Random Dot Stereograms

Random dot stereograms demonstrate that the brain can solve the correspondence problem for many random dots simultaneously. This is an example of parallel processing in the cortex where it does not depend on scene segmentation. In other words, structure can be perceived from disparity alone.

Stereo Vision in V1

To compute stereo depth, the brain needs to compute disparity, and requires cells that have inputs from both eyes.

  • Ocular Dominance Columns: In V1, cells are organized into ocular dominance columns. Cells in the center of these columns tend to be monocular.

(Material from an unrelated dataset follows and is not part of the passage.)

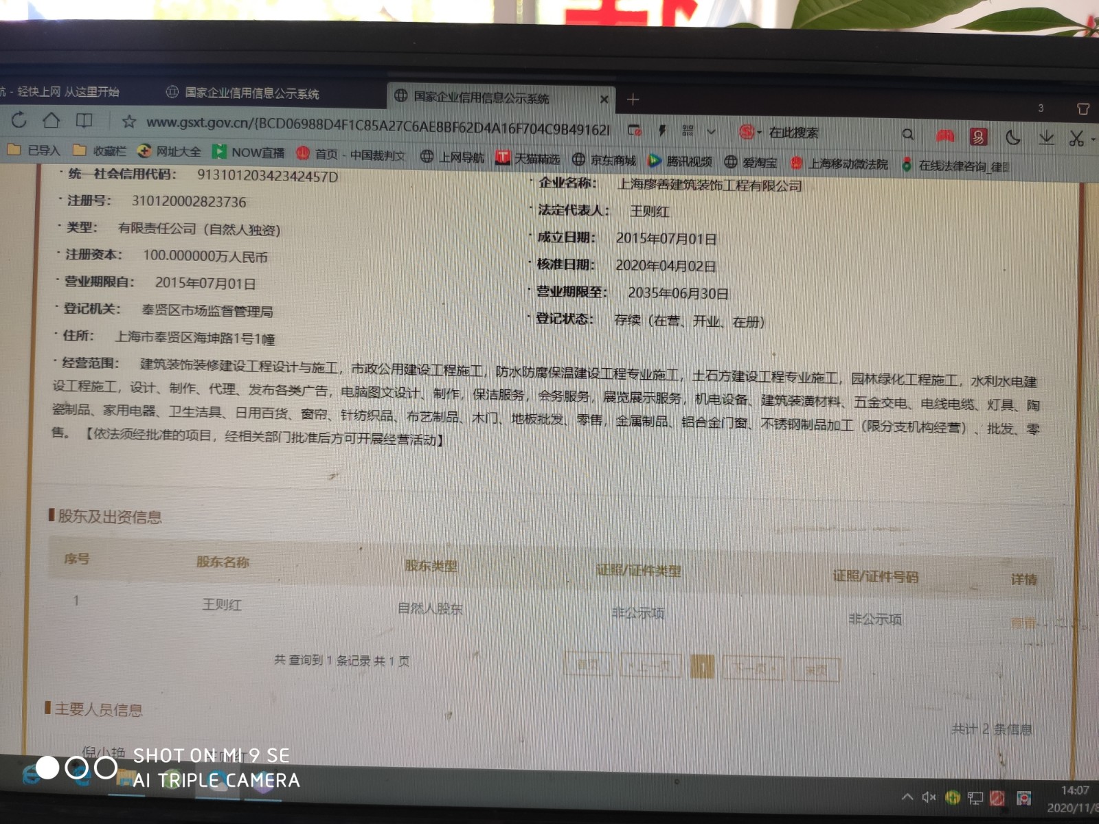 | 公司類型 | 有限責任公司(自然人獨資) | 行業(yè) | 土木工程建筑業(yè) |

  • Binocular Cells: Many binocular cells exist in V1, which have receptive fields in each eye. These cells are selective for different amounts of disparity and signal relative depth.

Amblyopia

Amblyopia, or lazy eye, occurs when there is abnormal binocular experience early in life. This can cause a shift in ocular dominance, where more cells respond to the dominant eye, and fewer cells respond to the weaker eye. Research into amblyopia examines neuronal responses to loss of input, which is relevant to sensory loss, stroke, trauma, and neurological disease. The goal is to understand if and how the brain can be retrained to a normal state.

Conclusion

Motion and depth perception are critical for interacting with the world. Motion is extracted by relatively simple neuronal models, with processing occurring in cortical areas like MT. The brain compensates for eye movements using mechanisms such as efferent copy. Depth perception relies on both monocular and binocular cues, with disparity-selective cells in V1 playing a key role in stereopsis. Research in these areas continues to provide insights into how the brain processes visual information and how these processes relate to conscious perception.